BEGIN Information shown

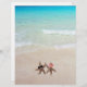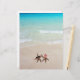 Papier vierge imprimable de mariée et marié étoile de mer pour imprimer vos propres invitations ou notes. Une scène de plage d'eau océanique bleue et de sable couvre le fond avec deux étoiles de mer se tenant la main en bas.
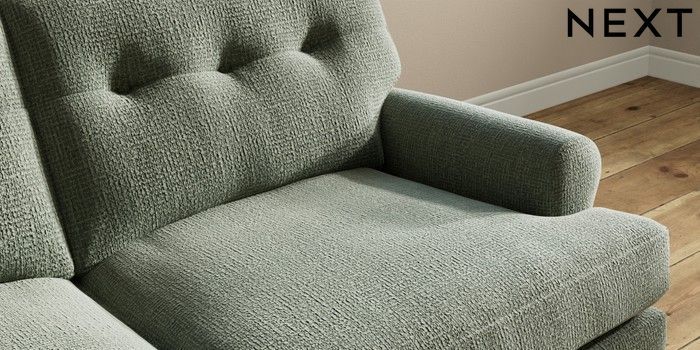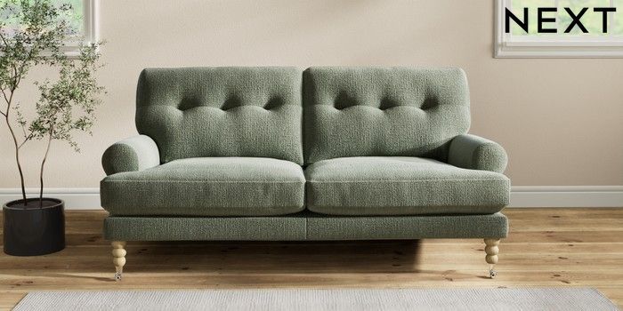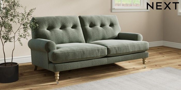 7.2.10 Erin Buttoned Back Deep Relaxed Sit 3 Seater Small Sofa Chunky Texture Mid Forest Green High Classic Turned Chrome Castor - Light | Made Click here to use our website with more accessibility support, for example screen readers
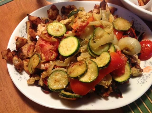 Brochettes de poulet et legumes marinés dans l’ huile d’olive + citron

END Information shown

[Your goal] Only the text of the material belongs in your copy, which must match the original exactly.

[Response box]
 Papier vierge imprimable de mariée et marié étoile de mer pour imprimer vos propres invitations ou notes. Une scène de plage d'eau océanique bleue et de sable couvre le fond avec deux étoiles de mer se tenant la main en bas.
 7.2.10 Erin Buttoned Back Deep Relaxed Sit 3 Seater Small Sofa Chunky Texture Mid Forest Green High Classic Turned Chrome Castor - Light | Made Click here to use our website with more accessibility support, for example screen readers
 Brochettes de poulet et legumes marinés dans l’ huile d’olive + citron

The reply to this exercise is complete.